The task requires repeating, word for word, the lines from the one with "В тех помещении" through the end of the material, leaving out all pictures.

» **PROVIDED MATERIAL**

■ ■ ■

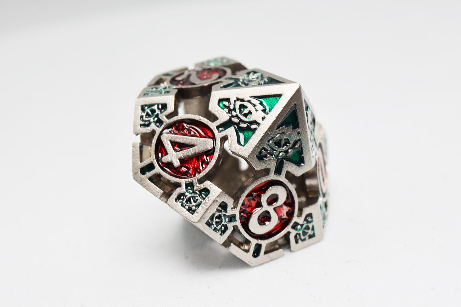 This Foam Brain Games Hollow Metal Dice Set with eye details on the die faces is sure to draw an envious gaze from your fellow adventurers.
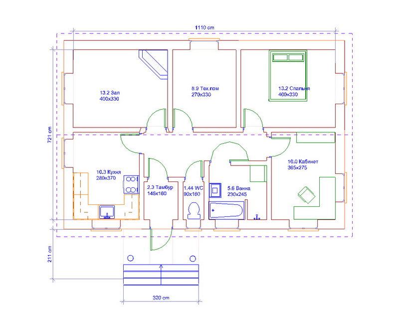 В тех помещении тепло сильно не нужно, там окошко 100 на 60. В ванной окно тоже 100 на 60, в туалете 60 на 60, в тамбуре получается нет окон.
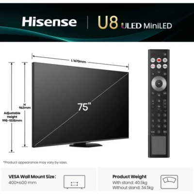 U8QTUK 75" 165Hz MiniLED Smart AI TV with Freely - 75U8QTUK

■ ■ ■

» **SOLUTION BELOW**
 В тех помещении тепло сильно не нужно, там окошко 100 на 60. В ванной окно тоже 100 на 60, в туалете 60 на 60, в тамбуре получается нет окон.
 U8QTUK 75" 165Hz MiniLED Smart AI TV with Freely - 75U8QTUK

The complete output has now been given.